As shown in Figure 2-6, all columns in a database Table are arranged in a row at a time and stored in row bits. With B+ tree or SS-Table as the index, the corresponding row data can be quickly found through the primary key.
In practical applications, most operations are Entity units, that is, most CRUD operations are for a whole row of records. If you need to save a row of data, you only need to add a row of data after the original data, so data writing is very fast.
But for a query, a typical query operation would traverse the entire table, grouping, sorting, aggregating, and so on. For row storage, the advantages of such operations are lost. Worse, analytical SQL may not need to use all columns, but only some columns. However, columns in the row that are irrelevant to this operation must also participate in the data scan.
For example, as shown in Figure 2-7, now I want to count the total number of likes for all articles. As a row storage system, what does the database do?
- First you need to load all the rows into memory
- Sum is then performed on the LIKE_num column
The advantage of row storage for OLAP scenarios is lost, so column storage is introduced.
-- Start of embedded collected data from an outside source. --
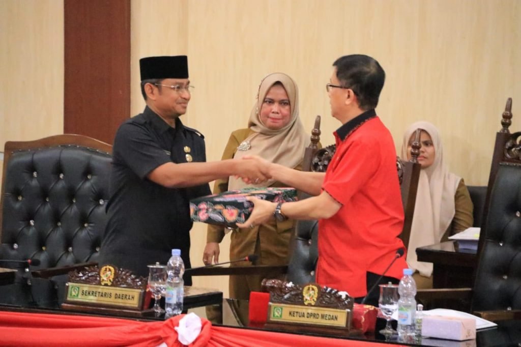 Pemko Medan menerima surat putusan salinan hasil pokok-pokok pikiran anggota DPRD Medan dalam Rapat Paripurna Penyampaian Pokok-Pokok Pikiran Anggota DPRD di Gedung DPRD Medan, Senin (9/3/2020). Tujuannya sebagai bahan rujukan dan masukan bagi Pemko Medan dalam menjalankan rencana kerja pemerintah daerah (RKPD) agar memberikan hasil yang optimal.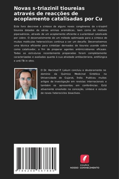 Este livro descreve a síntese de alguns novos congéneres de s-triazinil tioureia dotados de várias aminas aromáticas, bem como de motivos piperazínicos, através de um acoplamento eficiente e sustentável catalisado por cobre. O desenvolvimento de um método optimizado para a síntese de muitas moléculas heterocíclicas continua a ser um desafio. Desenvolvemos uma técnica eficiente para sintetizar derivados de tioureia usando cobre como catalisador, a fim de preparar agentes antimicrobianos eficazes. Todas as estruturas recentemente preparadas foram completamente caracterizadas e avaliadas quanto à sua atividade antibacteriana, antifúngica e anti-TB in vitro.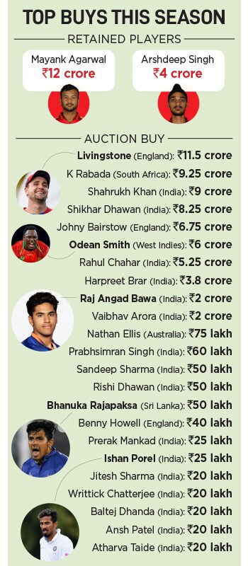 Fast forward to 2022. Punjab Kings enters the IPL auction with the biggest purse of Rs72 crore it retains only Mayank Agarwal and Arshdeep Singh and snaps up three big foreign players in Liam Livingstone, K Rabada and Johny Bairstow (see box). Among Indian ones, it bid aggressively for Shahrukh Khan, Shikhar Dhawan, and Rahul Chahar, and managed to string together a bunch of promising young players, including under-19 hero Raj Angad Bawa.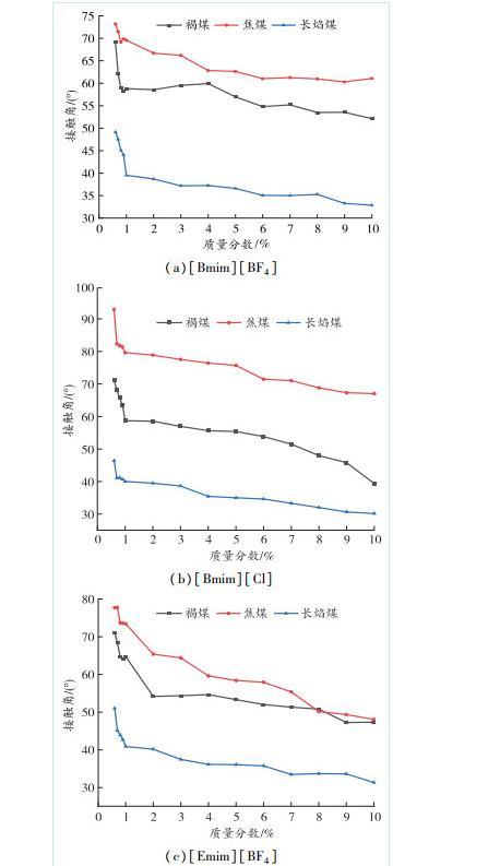 对于光滑的煤样,离子液体对煤样的润湿程度采用接触角作为评价指标。3种煤样的接触角与不同离子液体质量分数之间的关系如图3所示。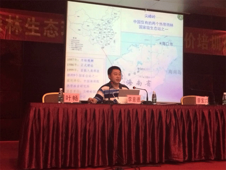 尖峰岭国家级森林生态站站长李意德研究员为培训班进行主讲。结合我国退耕还林工程和天然林保护工程的实际情况,本培训班的主题为森林生态系统长期监测与生态服务功能评估技术和方法。讲课内容包括五个部分:一是森林生态系统长期监测的基本概念、目的和意义;二是以植被、植物区系、植物群落和植物多样性为主的生物资源监测技术和方法;三是以森林调节小气候、森林涵养水源和保持水土、森林净化大气环境、森林固碳释氧功能等生态功能为主的监测技术和方法;四是森林生态系统服务功能的评估技术方法;五是科研监测资料的整理和分析总结、技术资料存档及其相关的技术要求。在培训班上,还向各位学员学习介绍了海南尖峰岭国家级生态系统科学观测研究站的基本情况、科研监测设备设施工程建设概况和已取得的科研监测成果。另外国家林业局海南东寨港红树林湿地生态系统定位研究站站长廖宝文研究员也在培训班上向学员介绍了红树林生态系统的基本情况和该定位研究站的研究设施、科研监测主要内容和取得的监测成果。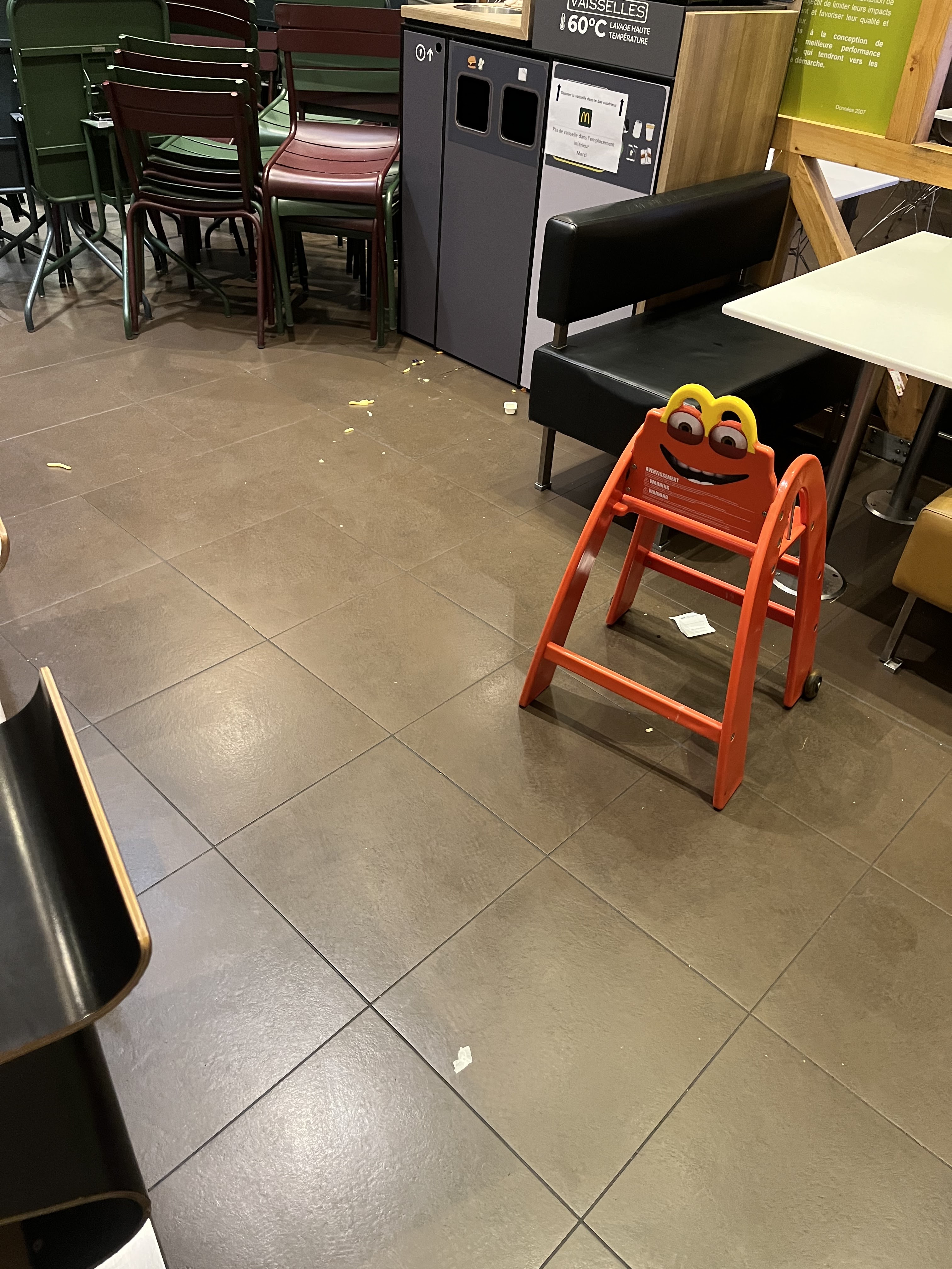 Mc Donald degueulasse autant sur les tables que par terre ,toilettes fermés pour on ne sais quel raison donc impossible de se laver les mains alors qu’on mange des sandwichs . Les règles d’hygiènes ne sont pas aux normes.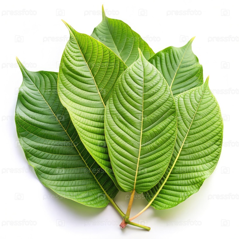 Свежие зеленые листья кратома на белом фоне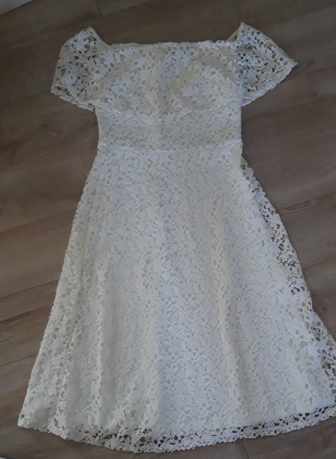 Krátke šaty, odporúčame na veľkosť S/M. Prsia: cca 88 cm Pás: 72 cm Dĺžka od ramena: 88 cm Šaty sú vhodné na venčeky, svadby a iné slávnostné príležitosti.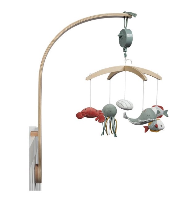 Mobile musical avec potence et 5 jouets suspendus - Ocean mint, un mobile musical en bois de la marque Little Dutch, ref LD4844.Age minimum recommandé : 12 moisAge maximum recommandé : 2 ans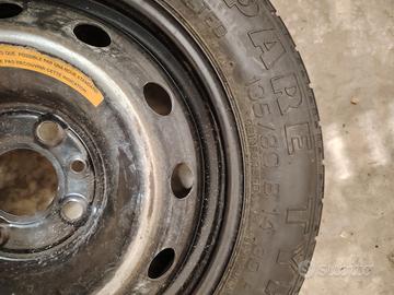 cedo ruotino di scorta punto ma compatibile anche con altre vetturemai usato con kit chiave e cric. misure in foto. prezzo 20€. misure 135/80 R14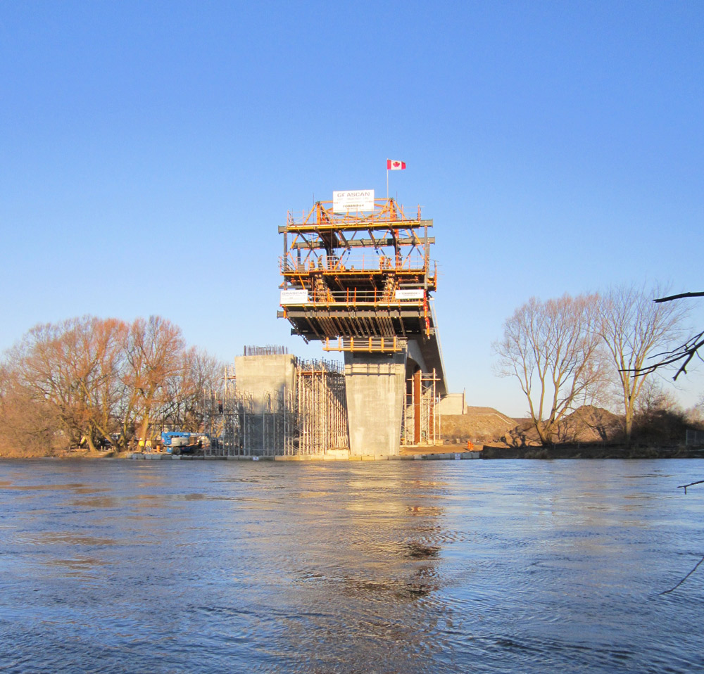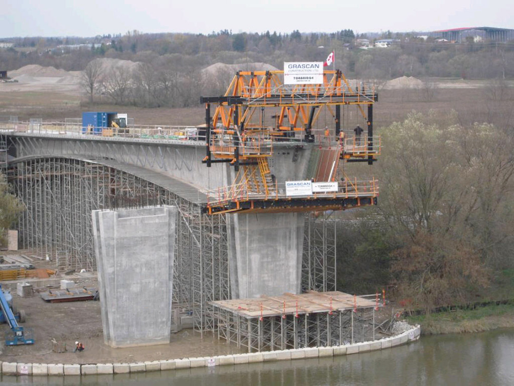 Este vão, levantado balanços sucessivos in loco, tornando essa a primeira ponte construída em Ontário, com essa técnica desde os anos 80. A ULMA colocou a serviço do cliente os mais avançados e qualificados especialistas na aplicação, ideal para orografia complicada, mais comum na Europa.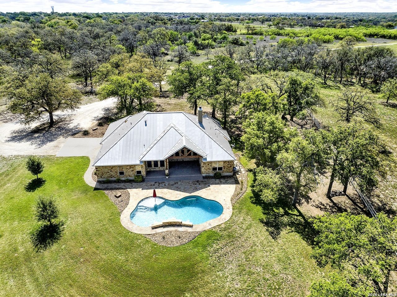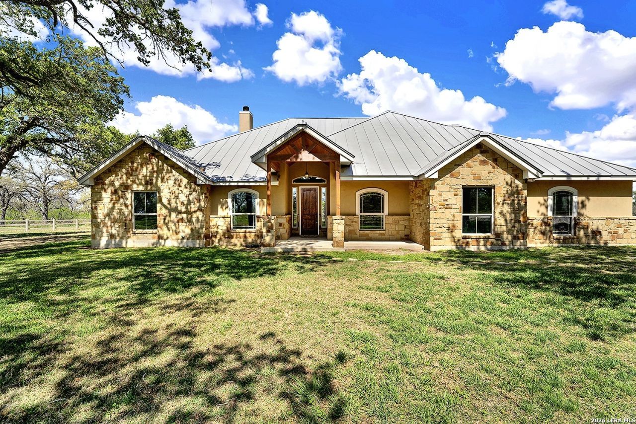 Great opportunity to own your own piece of Texas country with this gorgeous ranchette just outside the San Antonio Area. The picturesque property features 25 acres studded in mature trees with a gorgeous Ranch style rock and stucco home with a metal roof and modern finish out. Beautiful Open Floor Plan featuring 5 bedrooms, 3 full bathrooms, additional Office and separate Game Room (5th BR) with wet bar area and on-suite bathroom. Tile and Engineered Hardwood floors throughout and a Grand Rock Fireplace from ceiling to floor. Open living plan, with a chefs kitchen with premium appliances and a large granite bar for ample seating. House is fully Spray Foam Insulated, including the garage. Large windows in the main living area over look the large covered patio that leads you to the inground pool surrounded by flagstone and a water fall feature. Sprinkler system yard and mature trees to keep a canopy of shade in the vinyl fenced in yard. Ample parking space and gravel area for parking and circle drive, 2 car garage (will fit 2 dually trucks), Stock Tank located in the back of property and maintains an Ag Exemption due to the lush coastal grass up front for hay production. Wooded back acres are a wildlife paradise. This property has so much to offer and beautiful secluded setting all while being conveniently located to the La Vernia community as well as 25 MI commute to downtown SA. Located less than 5 miles outside Loop 1604.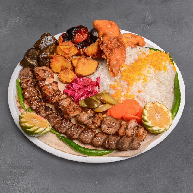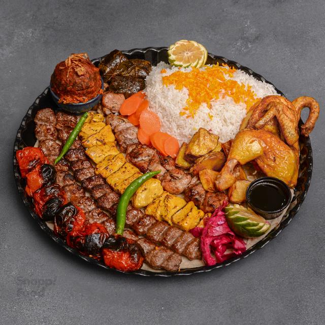 یک سیخ کوبیده گوسفندی ۲۰۰ گرمی یک سیخ جوجه زعفرانی ۳۰۰ گرمی (سینه) ۲ پرس برنج ایرانی ساده ۳۵۰ گرمی ران مرغ سس پز ۳۵۰ گرمی ۳ عدد دلمه برگ مو ۴۰ گرمی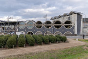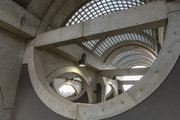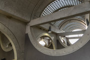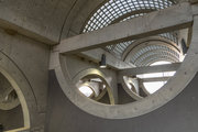 宇治特有の近代的な工業地帯と風光明媚な風景との混在、そして茶畑に着想を得たデザイン。鳳凰をモチーフとした国内最大級のステンドグラスも備える。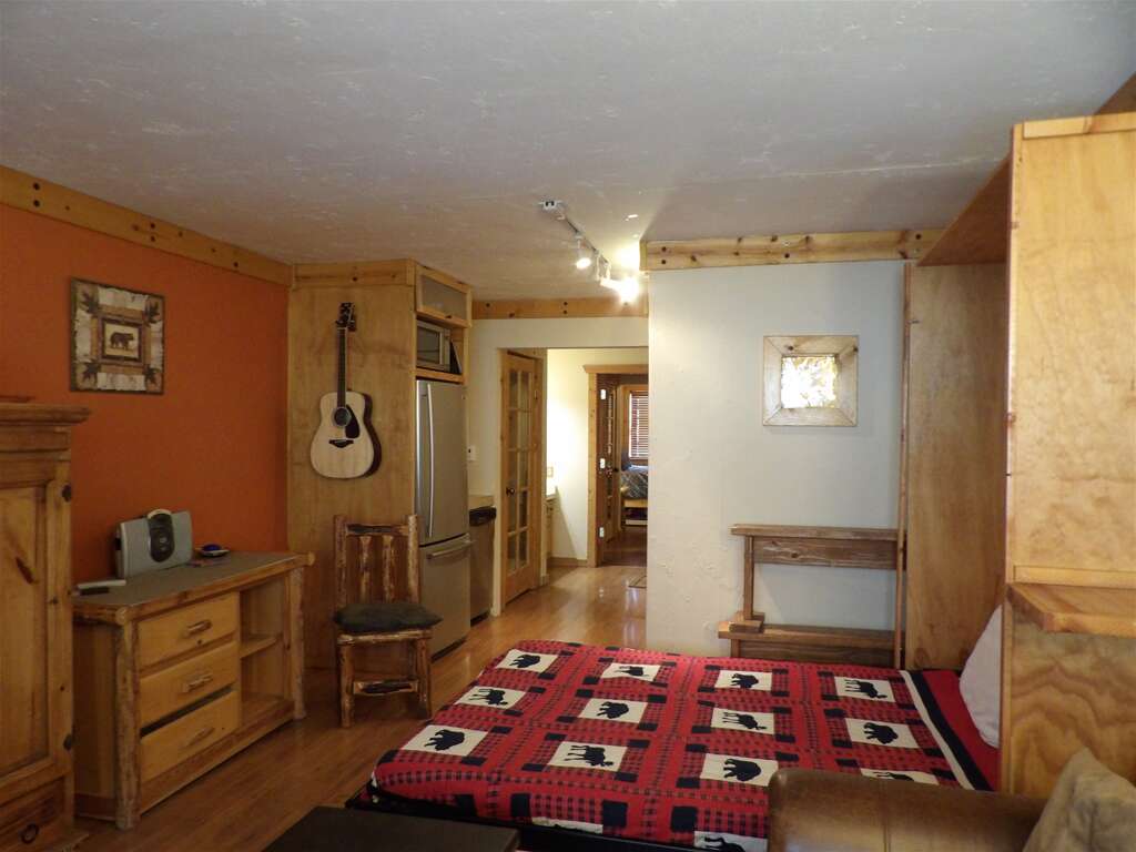 This ski-in-ski-out lodging at the Taos Ski Valley base is private and comfortable, perfect for a quick getaway or a nice long retreat. Cozy up after a day on the slopes for a warm, restful night in your own little place on the mountain. Wake up to some of the finest views in the Valley, looking North toward Gold Hill. Ski right up to the condo door! Discover world class skiing at Taos Ski Valley while staying in this lovely, clean, one bed condo that easily accommodates 4 with a comfortable Murphy bed. Just above the ski school with views of the valley, you will be well situated to take advantage of all that Taos Ski Valley has to offer. Come check out the new gondola and beginner lift that loads just below the condos down our ski out pitch and ski the all new beginner terrain and access the base and the new for 2018 High Speed Quad Lift 1. The Ski Valley has truly never looked or felt better. If you did not get to ski Kachina last year, come back, there is nothing quite like it in the Rockies. Taos still has the steeps that experts crave but has worked hard to provide more of the easy terrain that the family needs. Beginner skiers are not advised to ski out. Just steps from our summer parking area, this condo has no stairs, just one step up to the porch, and is fully furnished with all you need to have a great vacation, including a fully equipped kitchen and plenty of room for all the gear. Hardwood floors throughout and two bathrooms to accommodate the crew, this condo is highly versatile. 16M Wifi. Bring the family or sneak away for a couples weekend. Be the first on the lift when you stay in Taos Ski Valley for the price of staying in town, make your own meals and avoid resort prices! Want a night off from the kitchen? Head out to eat at one of Taos Ski Valley's world-class eateries! We will guide the way. Clean and cozy, Snow Bear Condominiums offers guests convenient lodging in Taos Ski Valley. It takes four wheel drive to reach our property in the winter time, so be advised.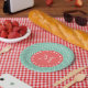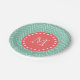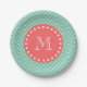 Tadelloses grünes Zickzack korallenrotes Monogramm Pappteller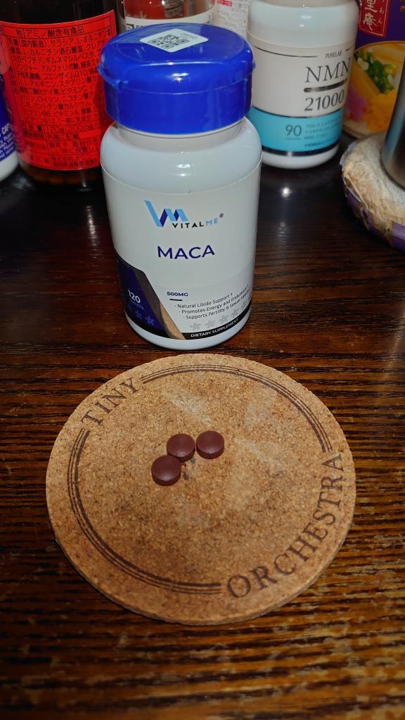 マカは、ビタミンEや植物性エストロゲンが含まれており、女性ホルモンのバランスを整える効果が期待できることで、以前は日本メーカーのサプリを飲んだことがありますが、バイタルミーさんは今回初めてです。成分量の濃度は、日本メーカーのものに比べると決して高くないのですが、私は1日2回、朝晩1錠を飲んでいて、なんとなく、元気が出て気分が落ち着くことができました。しばらく1日2錠を飲み続けてみようと思います。タブレットが大豆ほど小さいので、飲みやすいです。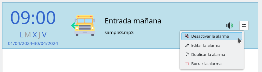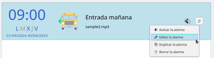 Una vez creada la alarma es posible editarla, activarla/desactivarla y borrarla.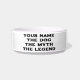 The dog myth legend funny custom pet bowl for food or water. Personalised bowl for dog lover. Available in medium and large size. Add your own name, funny quote, slogan or saying. Fun pet dish design for your animals. Black and white design with vintage typography.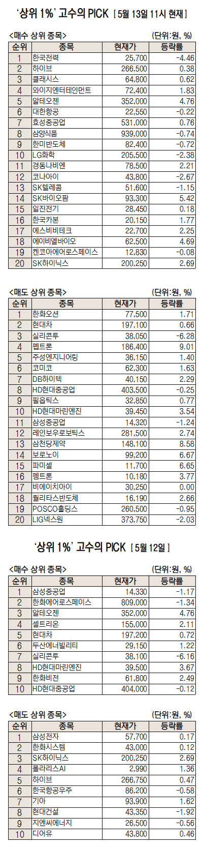 이날 미래에셋증권에 따르면 미래에셋증권 주식 거래 고객 중 최근 1개월간 투자수익률 상위 1%에 해당하는 ‘주식 초고수’들이 오전 11시까지 가장 많이 사들인 종목은 한국전력공사다.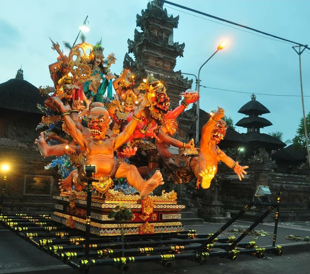 힌두교 발리 지역에서 사용하는 달력 ‘사카(Saka)’에 따라 우리가 있던 그 해는 '3월 30일'이 일 년의 마지막 날이었다. 새해 하루 전 날 밤, 우리는 하얀 전통 옷을 입고 격식을 차린 그루들과(발리에서는 선생님을 '그루'라고 부른다) 그 가족들과 함께 거리로 나갔다. 뭉구 마을 사람 모두가 흰 의복을 차려입고 불이 활활 타오르는 횃불을 들고서 가지각색 모양을 한 수십수백 개의 ‘오고 오고’를 따라 퍼레이드 행렬에 따라나섰다. 사람들을 따르는 수레 중에는 인도네시아 전통악기인 ‘가믈란’도 있었는데 '딩동댕동 딩딩동댕동' 소리를 내며 연주해주는 연주자들 덕택에 마을 전체가 시끌시끌하고 소란스러운, 화려한 밤을 보낼 수 있었다.

OLTP (On-Line transaction processing) is translated into online transaction processing, OLAP (On-Line Analytical processing) is translated into online Analytical processing, literally OLTP is to do transaction processing, OLAP is to do analysis processing. From the perspective of database operation, OLTP is mainly to add, delete and change data, while OLAP is to query data
As shown in Figure 2-8, column storage groups each column of data together to facilitate column operations, such as the sum of the like_num statistics mentioned above. After column storage, only one disk operation is required to complete the summary of three data, so it is very suitable for OLAP scenarios.
- When a query involves only partial columns, only the related columns need to be scanned
- Each column has the same type of data and is more correlated with each other. Therefore, column data compression is efficient.
But it’s not very friendly for OLTP, because writing a single line of data requires modifying multiple columns.
Columnar storage is widely used in big data analysis, such as recommendation portrait (risk control of Ant Financial), empty data (collection data of Didi Taxi), message/order (telecom, banking), and many storage at the bottom of order query. Feeds streams (friends’ circle apps) and so on.
Document database
In a traditional database, all information is divided into discrete data fields and stored in a relational database, or even in different table structures for some complex scenarios.
For example, in a technical forum, suppose the relationship between users, articles, and article comment tables is shown in Figure 2-10.
If a user clicks on an article and wants to show the author of the article, the details of the article, and the comments on the article, what does the server do?
- Find article details
- Find user information based on the UID in the article
- Query the list of all comments on this article
- Query the name of the creator of each comment
This process is either multiple database queries or a complex relational query to retrieve, which is not very convenient either way. The document database can solve this problem.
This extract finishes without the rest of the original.